Subversion still reports the working copy as ‘locked’ in this case, just like Subversion 1.0-1.6 reported this case when we still used 'loggy’ operations. So there is still a quite visible status that tells you that there is something to be done.
(Every directory shows as status write locked; not unmodified or something)
The change in 1.7 was an implementation detailed that caused us to break operations that opened the database… But if your client opened it earlier (or while there were temporarily no workqueue items… as happens every time the workqueue is run), it could just open it… and use it during all future operations.
Blocking out just initial db opens, but not blocking new operations when a db is open (e.g. when cached in svn_client_ctxt’s svn_wc__db_t instance) is in my opionion more inconsistent than the current behavior which does a check on obtaining the write lock.
Bert
From: 'Evgeny Kotkov'
Sent: Wednesday, May 13, 2015 5:23 PM
To: Bert Huijben
Cc: Ivan Zhakov, dev_at_subversion.apache.org, Stefan Sperling
Bert Huijben <bert_at_qqmail.nl> writes:
> In Subversion 1.7 we queued database operations that contained further
> operations that would change the database further. This left the database in
> an inconsistent, mostly unsupported intermediate state, which would provide
> invalid results on certain operations. The cleanup was really required to
> make the database consistent again.
>
> All these problems were resolved for 1.8.0, but for 1.8 we didn't remove the
> restriction while we could have done that (stsp wrote that patch some time
> after 1.8).
>
> The interesting cases are things like recursive base-deletes (part of
> update processing). In 1.7 that operation is done as many recursive db
> transactions, which each schedule workqueue items. Since 1.8 there is a
> single db operation that schedules all workqueue operations, and can never
> leave the database with a half a base-delete.

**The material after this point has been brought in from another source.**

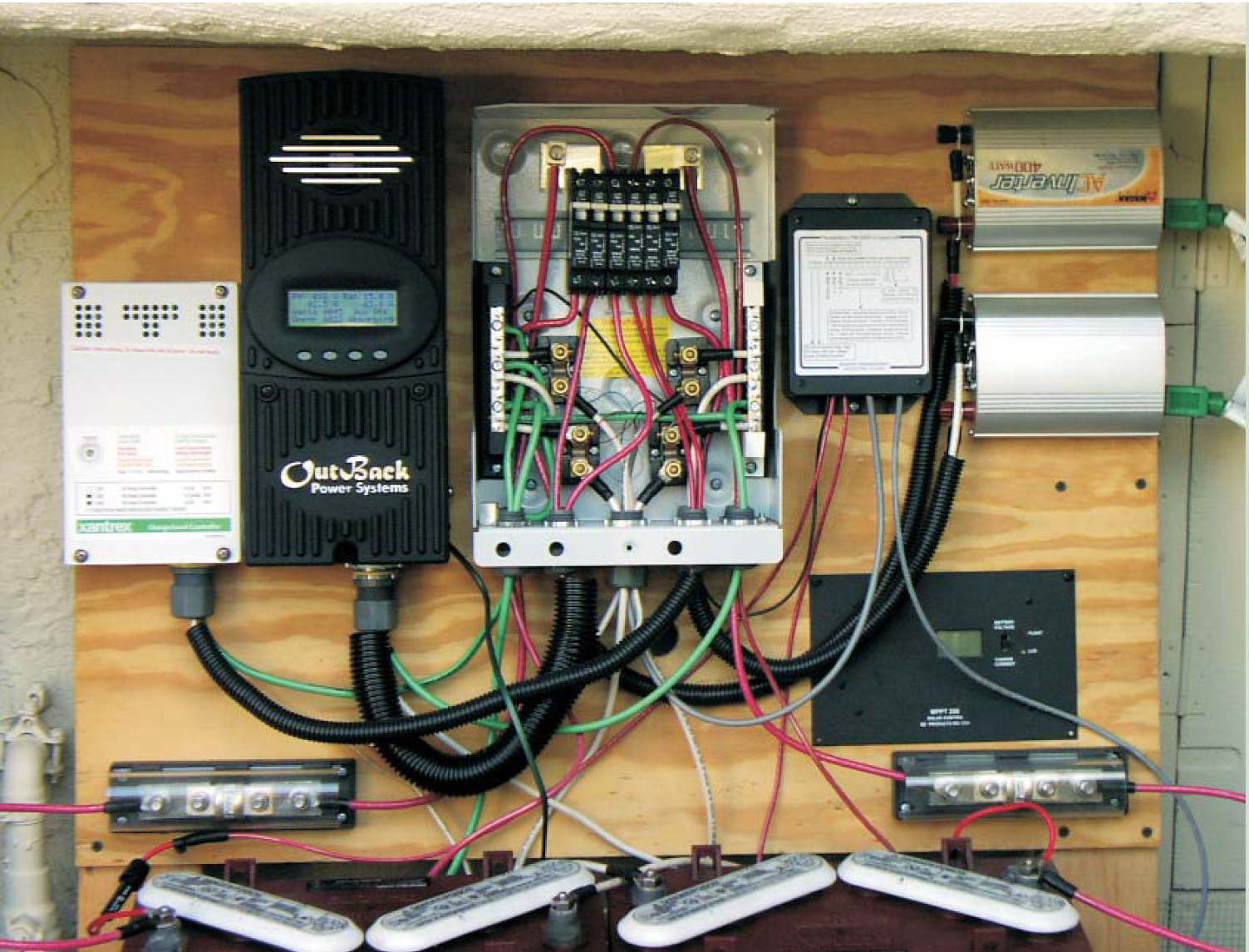 Figure 3. Power center for my dual PV system. Only half the parts are necessary for a more typical single system. Cut off at the bottom edge of the photo are two 12-V, 150-Ah batteries (one for each system), and immediately above them are 110-A class-T fuses. At left are two charge controllers. The black one is a maximum power-point tracking charge controller, as described in the text; it is certainly overkill for this small system. In the upper right are two 400-W inverters. Below them is an MPPT charge controller not currently used. To the left of the inverters is the monitoring system, capable of measuring two voltages and three currents. In the center is the exposed breaker box, showing three breakers per system, four shunts for current measurement (I use only three at a time), and for each panel, connected grounded bus bars, metal strips that allow branch connections. Ground wires are green, negative white, and positive red. The green extension cords on the right deliver AC power to appliances in the house. This particular system implementation does not require a ground-fault protection device.

Thank you for the explanation. It's good to know that the consistency of the
database with a non-empty workqueue is not a problem.
> When we moved this check I did another carefull check to see if all wq
> operatios were safe (and I checked the wq operations again short before
> branching 1.9). I don't see actual cases why we would really need to block
> out read-only operations any more.
However, there is the user experience part of the issue. Say, after an
aborted write, we are left with a database having a non-empty workqueue.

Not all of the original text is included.